I'm unable to send PMs or add people as friends. What do I have to do to enable this?

Also how do you become a bronze member etc?

Ta


----------



## xpower (Jul 28, 2009)

http://www.uk-muscle.co.uk/about-uk-muscle/79008-uk-muscle-co-uk-membership-levels.html

Registered User

This is the level of new members who have just registered.

Basic Thread/Message posting privileges.

BRONZE

Registered for 30 days AND with at least 25 posts.

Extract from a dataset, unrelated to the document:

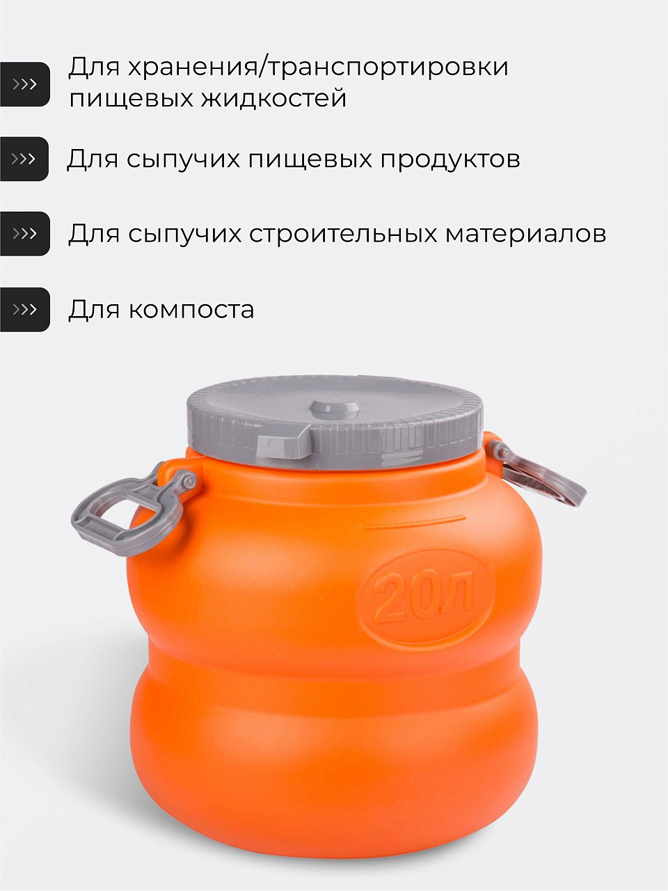 Бочка пластиковая 20 л пищевого назначения с ручками — оптимальное решение для хранения воды и продуктов на даче или дома. Удобная, прочная, оранжево-серая, модель Байкал от Альтернатива.
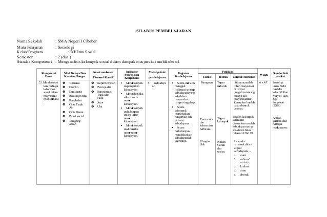 Silabus Rpp Prota Prosem Kkm Sosiologi Kelas Xi Sma K13 Revisi

Can use the Private message system (Maximum 100 stored messages).

Can use the Blogs

Can Add Contacts/Friends

Can post replies in the Classifieds & Exchanges

SILVER

Registered for 90 days AND with at least 250 posts.

Same as Bronze plus:

Can Post Calendar Events

Can Post Articles

Custom User Title

Can apply to join the Private 'Male Animal' forum

Message Storage increases to 250 messages

Can start new threads in Classifieds.

GOLD

Registered for 360 days AND with at least 1000 posts.

Same as Silver plus:

Message Storage increases to 500 messages.

Priority for sponsor freebies, competitions and discounts.

Can switch off sigs

More to come..


----------



## Guest (Mar 12, 2013)

xpower said:


> http://www.uk-muscle.co.uk/about-uk-muscle/79008-uk-muscle-co-uk-membership-levels.html
> 
> Registered User
> 
> ...


Cheers for the info


----------